Barriers and facilitators to pediatric HIV testing from qualitative interviews and focus groups
Challenges unique to pediatric HIV testing
Unique challenges to testing asymptomatic children for HIV emerged: I) inaccurate risk perception, II) issues with disclosure and consent, III) costs and scheduling.
I. Inaccurate risk perception: Caregiver and HCW lack of urgency around testing older children
Caregivers did not feel urgency to test asymptomatic older children. Children’s symptoms were a common prompt for testing, for caregivers and HCWs. One caregiver described difficulty overcoming inertia in the absence of illness:
… there is no way you can stay [at] home and the child is not sick and you say, let me take my baby to be tested for HIV…
- Caregiver
However, other caregivers assumed that older HIV-exposed children were inevitably infected, expressing fear and reluctance to test. Caregivers noted that focusing on the potential of an infected child during the testing discussion could deter caregivers from testing.
II. Complex decision-making dynamics underlie reluctance to test
Unlike adult HIV testing—which is autonomous and private—pediatric HIV testing, disclosure, permission, and consent may involve multiple caregivers and must address the increasing autonomy and curiosity of the older child.
Caregivers discussed partnership dynamics extensively in the context of the decision to test, and in the post-test period. Some felt partners needed to be involved in deciding, while others felt it best to decide independently. Decision-making was influenced by fear of disclosure. Caregivers described their own and their partners’ denial of their HIV status, and perceived or confirmed discordant relationships, as barriers to pediatric testing. Female caregivers sometimes explained that disclosing to one’s partner was necessary to rationalize testing the child; women who were not ready to disclose their status to their partners felt unable to bring children for testing for fear of conflict, violence or withholding of financial support.
… it will be difficult because how are you going to tell him… If we have not talked about our status how are we going to talk about the status of the child?
- Caregiver
HCW felt challenged managing decision-making related to obtaining appropriate consent from caregivers. HCW found themselves caught between children’s needs and the caregivers’ resistance.

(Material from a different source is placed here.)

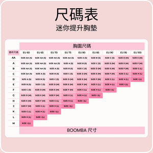 對於 75J 或以上尺寸,BOOMBA 隱形提升胸墊(薄墊)尺寸可達 75T。
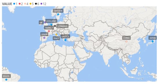 A total of 40 articles were identified in the review, after applying the proposed inclusion/exclusion criteria. In total, 29 of the 40 articles used classical inductive statistics alone or in combination with other methods (e.g., visualization), 10 used AI methods alone or in combination with other methods (e.g., visualization), and one study combined classical statistics with A.I. and observational methodology (Table 1). Table 1 also shows that 24 surveys used performance indicators from event data, eight used tracking data, while the rest used other types of data (flow motifs, team possessions, questionnaires, etc.). In the same table it can be seen that the sample was usually taken from country leagues (mainly the big four European i.e., English, Spanish, German, Italian) and the World Cup. The map in Figure 2 illustrates the domestic competitions that have been included in the relevant surveys.

According to practice sometimes you face challenges when the parents don’t want to give consent and you can see that the child needs the test and get treatment… that is where now the policy is not coming in…
- HCW
HCW felt that as children became older, they ask questions regarding testing. Most caregivers felt their children were too young to know the reason for testing and feared children would disclose their test results to others. They also felt that if a child knew he/she was HIV-infected, it would force the caregiver to disclose their own HIV status to the child. HCWs often did not feel equipped to handle family disclosure and thought twice about even performing the test.
…in your mind you are like if the tests turns out [HIV] positive, how do I start disclosing to this child? So it’s kind of a dilemma… and kind of fear, do I want to do it or not?
- HCW
III. Perceived and real costs, and school schedules prevent caregivers from testing children
Caregivers repeatedly cited concerns about costs relevant to the test experience and the post-test periods. Costs included transportation, childcare, perceived costs of tests and treatment, and lost income from missed work. Many caregivers echoed one participant’s claim of “when I get money, I will go”, suggesting that caregivers delay testing due to lack of capital and competing financial priorities.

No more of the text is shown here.